**Task directions**
Give back every line of the data exactly. Pictures are not part of the copy.

**Record excerpts**
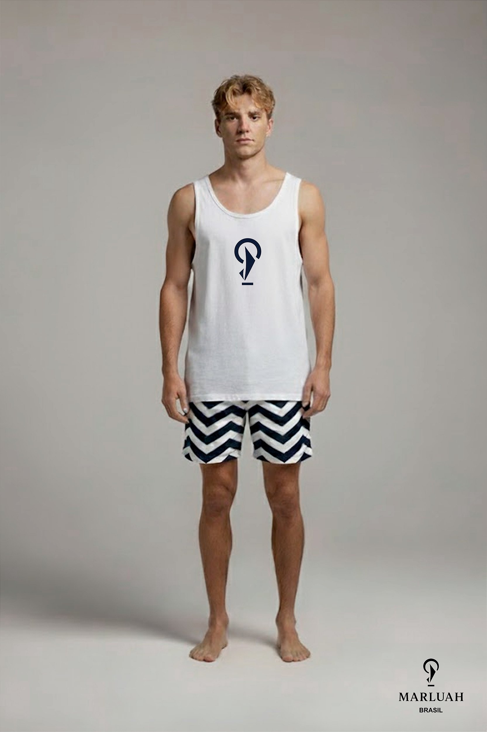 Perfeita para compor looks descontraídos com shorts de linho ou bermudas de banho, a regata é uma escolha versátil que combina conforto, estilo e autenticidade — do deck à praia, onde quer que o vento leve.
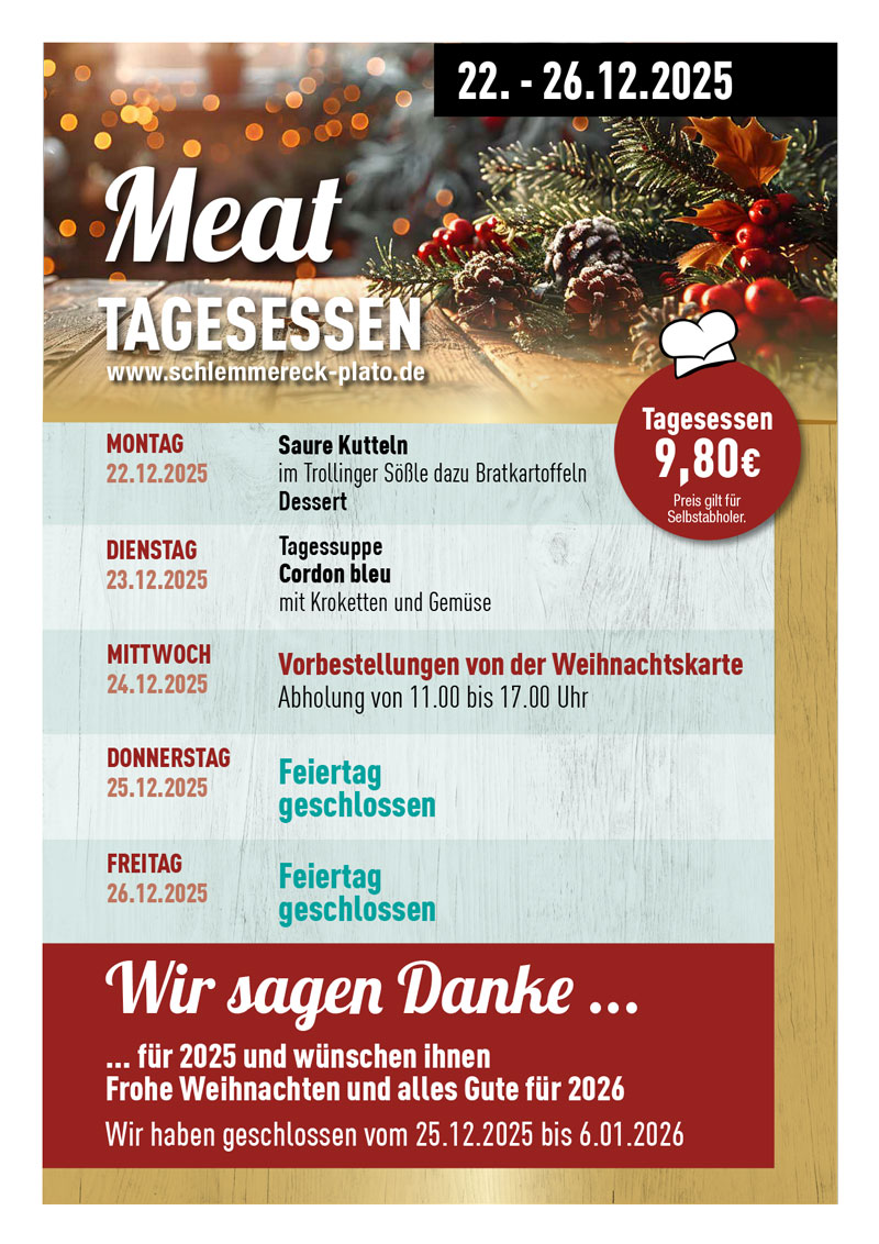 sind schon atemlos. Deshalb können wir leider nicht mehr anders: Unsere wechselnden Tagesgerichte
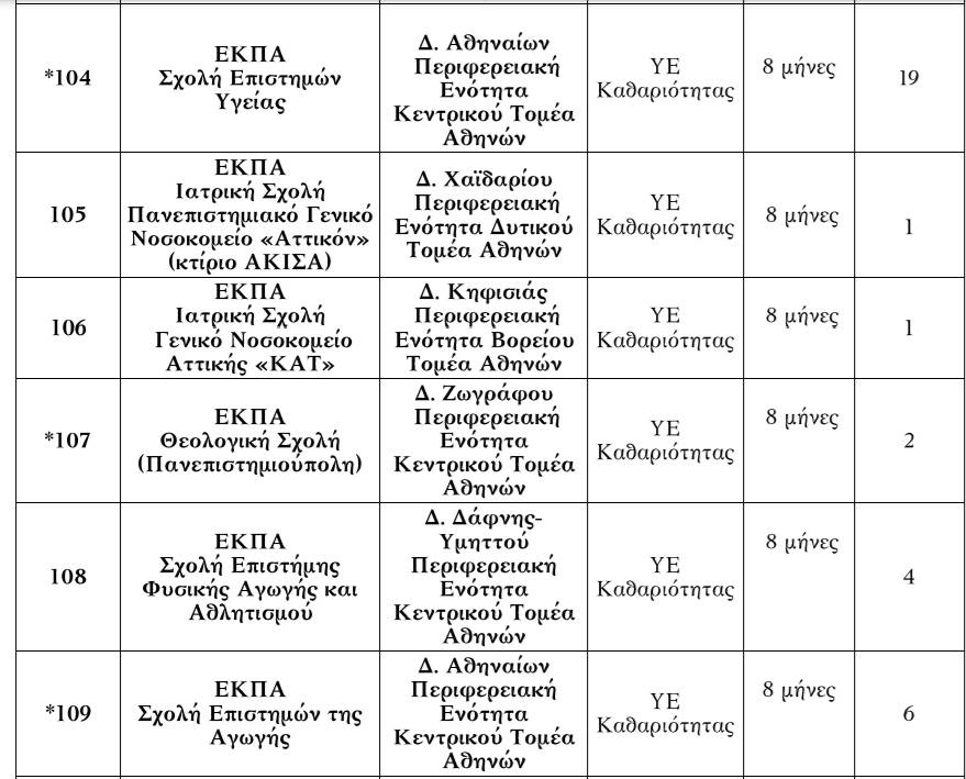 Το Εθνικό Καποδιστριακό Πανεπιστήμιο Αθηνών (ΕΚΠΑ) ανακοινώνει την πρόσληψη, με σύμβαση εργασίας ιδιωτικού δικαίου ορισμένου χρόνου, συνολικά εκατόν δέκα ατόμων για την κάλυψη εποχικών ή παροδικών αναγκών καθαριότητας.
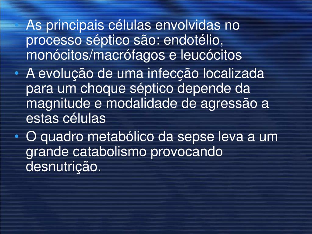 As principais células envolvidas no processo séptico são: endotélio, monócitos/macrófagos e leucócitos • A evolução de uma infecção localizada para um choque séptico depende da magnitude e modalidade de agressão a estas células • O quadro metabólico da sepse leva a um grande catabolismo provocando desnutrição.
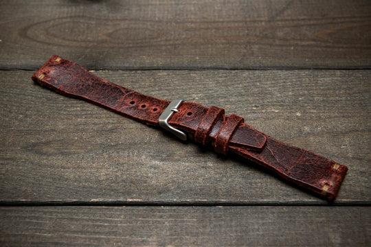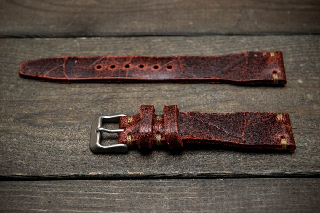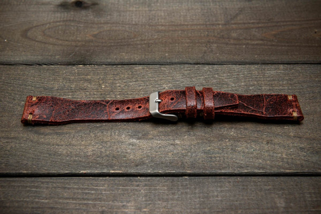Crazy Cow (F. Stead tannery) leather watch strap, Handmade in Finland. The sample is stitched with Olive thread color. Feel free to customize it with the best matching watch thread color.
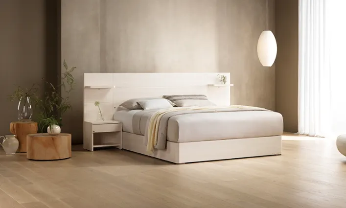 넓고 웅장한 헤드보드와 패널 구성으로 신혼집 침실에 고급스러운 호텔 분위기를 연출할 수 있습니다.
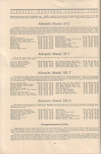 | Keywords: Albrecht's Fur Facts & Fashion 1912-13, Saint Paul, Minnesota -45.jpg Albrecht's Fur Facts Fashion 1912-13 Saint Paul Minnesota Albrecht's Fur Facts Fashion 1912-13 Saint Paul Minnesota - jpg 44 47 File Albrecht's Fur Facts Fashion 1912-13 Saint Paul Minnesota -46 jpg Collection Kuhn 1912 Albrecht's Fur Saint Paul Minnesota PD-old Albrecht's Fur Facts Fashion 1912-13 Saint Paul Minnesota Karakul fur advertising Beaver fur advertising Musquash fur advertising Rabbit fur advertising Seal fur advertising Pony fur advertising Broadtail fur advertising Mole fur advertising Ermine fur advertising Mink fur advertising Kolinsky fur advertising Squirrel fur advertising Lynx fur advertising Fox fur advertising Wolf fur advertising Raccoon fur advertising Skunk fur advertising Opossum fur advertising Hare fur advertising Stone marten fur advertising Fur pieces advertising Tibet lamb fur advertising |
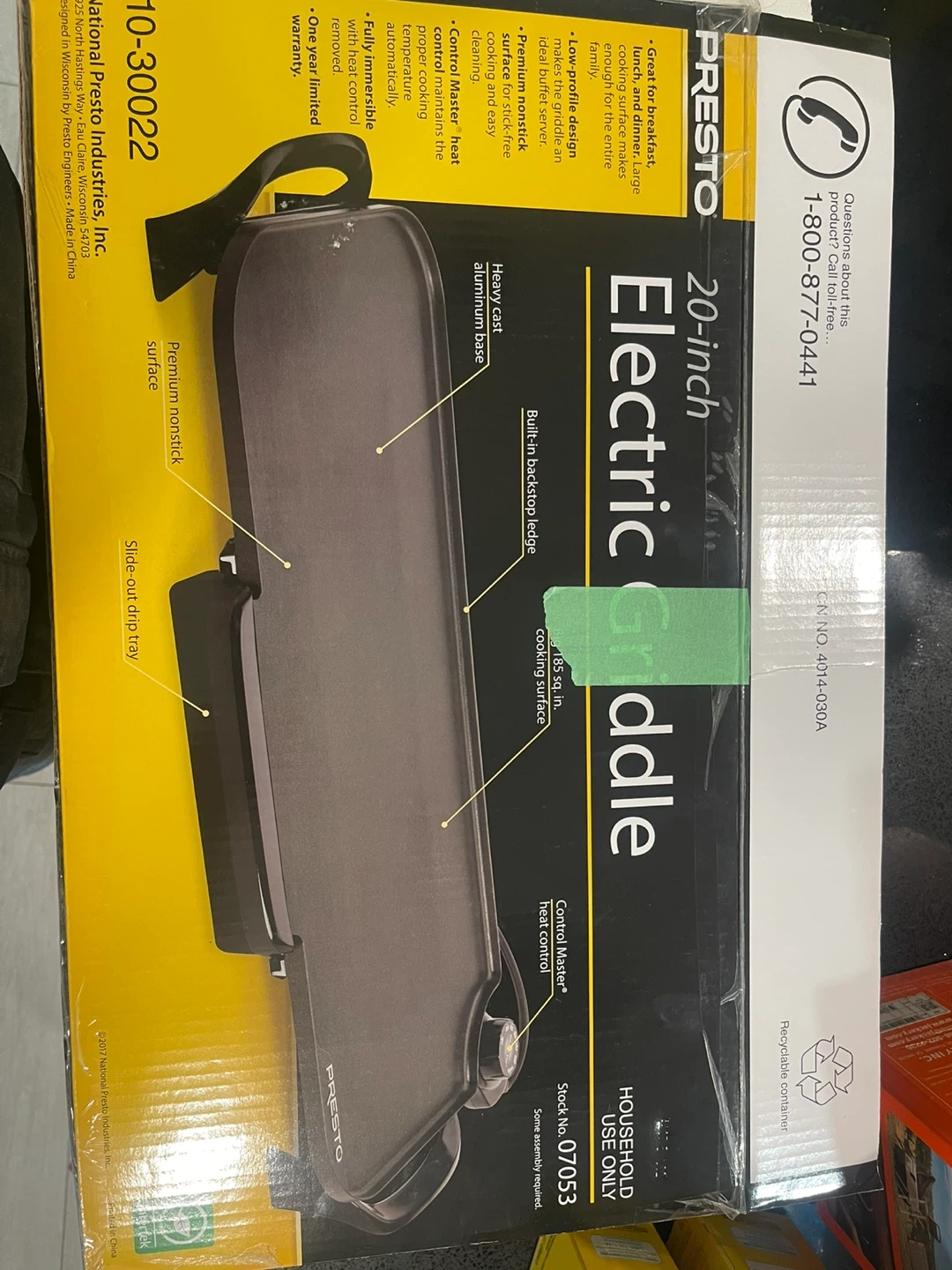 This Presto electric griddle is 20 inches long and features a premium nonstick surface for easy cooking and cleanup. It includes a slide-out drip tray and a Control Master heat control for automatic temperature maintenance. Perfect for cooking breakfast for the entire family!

**Solution for this task**
 Perfeita para compor looks descontraídos com shorts de linho ou bermudas de banho, a regata é uma escolha versátil que combina conforto, estilo e autenticidade — do deck à praia, onde quer que o vento leve.
 sind schon atemlos. Deshalb können wir leider nicht mehr anders: Unsere wechselnden Tagesgerichte
 Το Εθνικό Καποδιστριακό Πανεπιστήμιο Αθηνών (ΕΚΠΑ) ανακοινώνει την πρόσληψη, με σύμβαση εργασίας ιδιωτικού δικαίου ορισμένου χρόνου, συνολικά εκατόν δέκα ατόμων για την κάλυψη εποχικών ή παροδικών αναγκών καθαριότητας.
 As principais células envolvidas no processo séptico são: endotélio, monócitos/macrófagos e leucócitos • A evolução de uma infecção localizada para um choque séptico depende da magnitude e modalidade de agressão a estas células • O quadro metabólico da sepse leva a um grande catabolismo provocando desnutrição.
Crazy Cow (F. Stead tannery) leather watch strap, Handmade in Finland. The sample is stitched with Olive thread color. Feel free to customize it with the best matching watch thread color.
 넓고 웅장한 헤드보드와 패널 구성으로 신혼집 침실에 고급스러운 호텔 분위기를 연출할 수 있습니다.
 | Keywords: Albrecht's Fur Facts & Fashion 1912-13, Saint Paul, Minnesota -45.jpg Albrecht's Fur Facts Fashion 1912-13 Saint Paul Minnesota Albrecht's Fur Facts Fashion 1912-13 Saint Paul Minnesota - jpg 44 47 File Albrecht's Fur Facts Fashion 1912-13 Saint Paul Minnesota -46 jpg Collection Kuhn 1912 Albrecht's Fur Saint Paul Minnesota PD-old Albrecht's Fur Facts Fashion 1912-13 Saint Paul Minnesota Karakul fur advertising Beaver fur advertising Musquash fur advertising Rabbit fur advertising Seal fur advertising Pony fur advertising Broadtail fur advertising Mole fur advertising Ermine fur advertising Mink fur advertising Kolinsky fur advertising Squirrel fur advertising Lynx fur advertising Fox fur advertising Wolf fur advertising Raccoon fur advertising Skunk fur advertising Opossum fur advertising Hare fur advertising Stone marten fur advertising Fur pieces advertising Tibet lamb fur advertising |
 This Presto electric griddle is 20 inches long and features a premium nonstick surface for easy cooking and cleanup. It includes a slide-out drip tray and a Control Master heat control for automatic temperature maintenance. Perfect for cooking breakfast for the entire family!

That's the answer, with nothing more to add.